Before relying on negative balance protection at Capital Com, confirm it in writing from primary sources. Start with the client agreement or terms of business for the specific legal entity that would hold your account, since brokers commonly operate several entities under different regulators. Read the risk disclosure and any product disclosure documents for CFD accounts, and search for the exact phrase describing loss limits. If the documents are unclear, ask support to point you to the clause that applies to your account type and country, and keep a copy of the answer.

  • Identify which Capital Com legal entity and regulator would cover your account before signup.
  • Locate the clause on negative balances in the client agreement, not just marketing pages.
  • Confirm whether the protection changes if you request professional client status.
  • Save dated copies of the documents you relied on when opening the account.

Related research steps on InvestorTrip

Negative balance protection is one item in a wider due-diligence process. It sits alongside margin rules, stop-out levels, financing charges and platform behaviour during volatile sessions. Use the InvestorTrip CFD hub to understand how leveraged contracts work in general, and the comparison tool to line up several brokers on the criteria that matter to you before you commit. Modelling financing costs also helps you see how holding leveraged positions affects outcomes over time, independent of any loss cap.

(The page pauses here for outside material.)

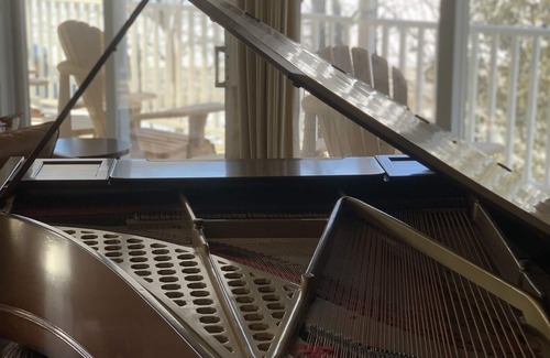 After a day on the slopes come home to warm up by the gas fireplace, take the dog for a walk through the private wooded trail or build a snowman and roast marshmallows on the fire pit. Feel at home in the well equipped kitchen with gas stove, after dinner cozy up to watch a movie on the 65" smart tv. Gaze out the wall of windows to see the shimmering lights of Blue Mountain or watch the village fireworks from the wrap around balcony. Wind down with a glass of wine and listen to your favourite vinyl records or gather the family around the grand piano. It's your vacation, start making memories.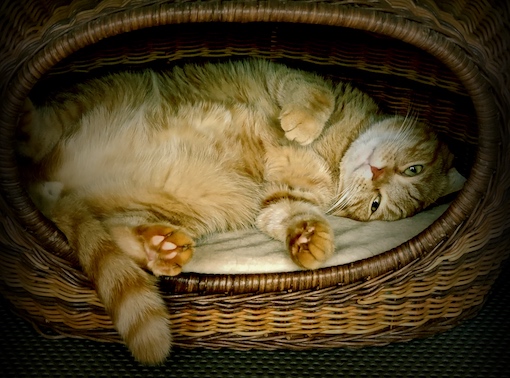 後脚を抱えた「チラ見の形」から、お手手を伸ばした「招き猫の形」へ、しっかりとキメました。

  • Read the CFD basics at /cfd before assessing any single broker feature.
  • Screen multiple brokers side by side at /tools/compare-brokers.
  • Estimate holding costs on leveraged positions with /tools/margin-interest-calculator.

Continue researching

Open related InvestorTrip pages before treating this topic as a final decision.

FAQ

Does Capital Com offer negative balance protection?

This page does not confirm availability. Whether the protection applies depends on the Capital Com entity you contract with, your client classification and current terms. Verify it in the client agreement and risk disclosure for your specific account before trading.

Does negative balance protection stop me from losing money on CFDs?

No. Where it applies, it limits total losses to the funds in your account so you cannot owe more than you deposited. You can still lose your entire balance, and CFD losses can accumulate quickly with leverage.

Do professional clients keep negative balance protection?

Often not. Regulatory rules that mandate the protection usually apply to retail clients, and brokers frequently exclude professional clients. If you consider requesting professional status, confirm in writing how it changes your loss protections first.